According to the 1775 Austrian census of Bukovina, its population comprised only about 60,000 spread over 10422 sqkm. In order to encourage the development of this sparsely settled land, the authorities subsidized the immigration of colonists to Bukovina. With the end of the first wave of settlement, colonists were to continue arriving at their own expense. As a result of these policies, the census of 1910 showed that the population had risen to over 800,000. People of many different ethnic groups took part in this immigration, including Germans, Rusyns, Hungarians, Ukrainians, Poles, Romanians, and Jews.

In 1992, Gura Humorului had a population of about 17,000 inhabitants were living within the town limits. As of 2016, the town's population surpassed this limit by a very slim margin.

According to the 2011 census data, Gura Humorului had a total population of 13,667 inhabitants: 97.03% were ethnic Romanians, 1.79% Roma, 0.52% Germans (Bukovina Germans), 0.27% Poles, 0.12% Ukrainians, 0.10% Hungarians, and 0.07% Russians (including Lipovans).

Gura Humorului is the seventh most populated urban locality in Suceava County and the second most populated locality with the status of town (after Vicovu de Sus).

== History ==

Between 1774 and 1918, Gura Humorului belonged to the Habsburg monarchy. During World War I, Bukovina became a battlefield between Austria opposing Russian and Romanian troops. Although the Russians were finally driven out in 1917, defeated Austria would cede the Bukovina province to Romania through the Treaty of Saint-Germain (1919).

== Jewish history of Gura Humorului ==

No Jews lived in Gura Humorului before 1835, when they were allowed to settle, joining other, already represented, ethnic groups (such as Germans from Bohemia, mainly from the Böhmerwald: thirty families settled on the mountainous and densely forested lands nearby the town, establishing a quarter named Bori). The Jewish community began to flourish in 1869, when they formed around a third of the town's population (880 people); the same year, a Beth midrash was established.

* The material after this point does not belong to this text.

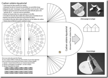 Ce cadran se construit à partir d’une feuille type bristol en format A4. Il peut être réglé pour n’importe quelle latitude : il suffit de plier correctement une des parties du cadran pour que la table face un angle avec l’horizontale égal au complémentaire de la latitude (43° pour une latitude de 47°…). Le pliage pour 47° est d’ailleurs noté.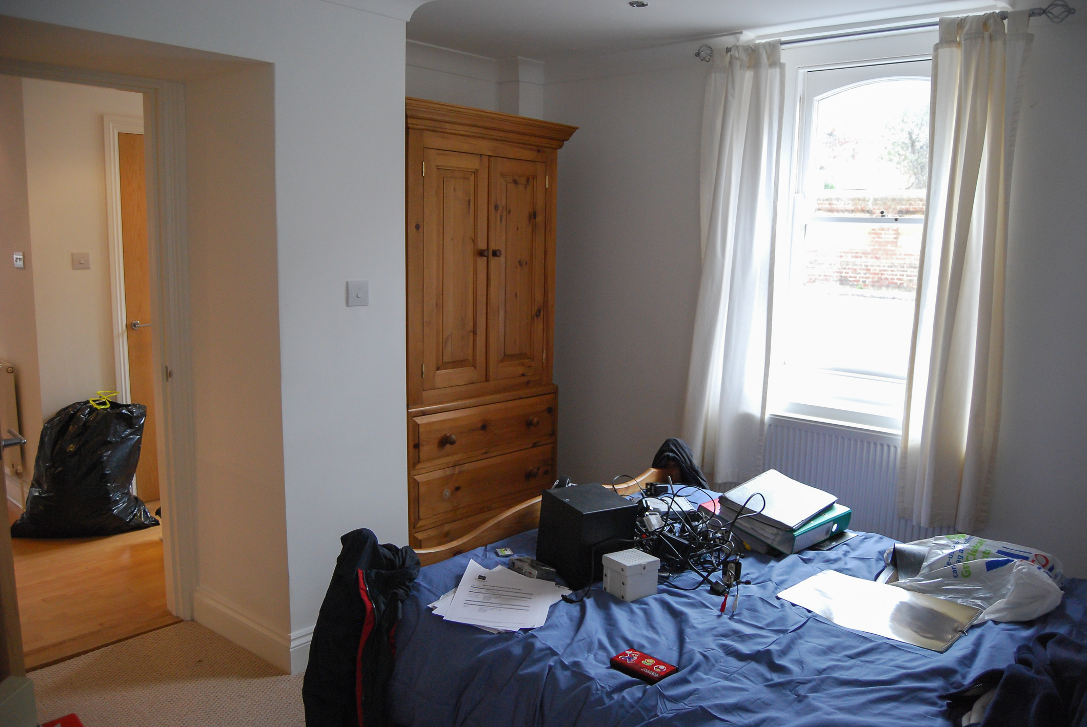 After a week’s delay, Friday night saw Robert borrowing my car to finally move out of the family home and into his own flat. Today Ian, Marcelle, and I got an invitation to visit.

A turning point in the town's history was the disastrous fire of May 11, 1899 which destroyed most of the town, more than 400 houses, including many Jewish businesses and homes. It was rebuilt with donations from American Jewish communities. The Jewish community in Gura Humorului continued to grow, reaching 1,951 members in 1927.

Jewish cultural life reached its peak during the interwar period. The languages of choice in the town life were Yiddish, German, and Romanian. Most of the Jewish community adhered to Orthodox Judaism, and Jewish youngsters studied the Torah along with secular subjects such as geography, history, and mathematics. The community had established Jewish social and political institutions that contributed to all fields of public life.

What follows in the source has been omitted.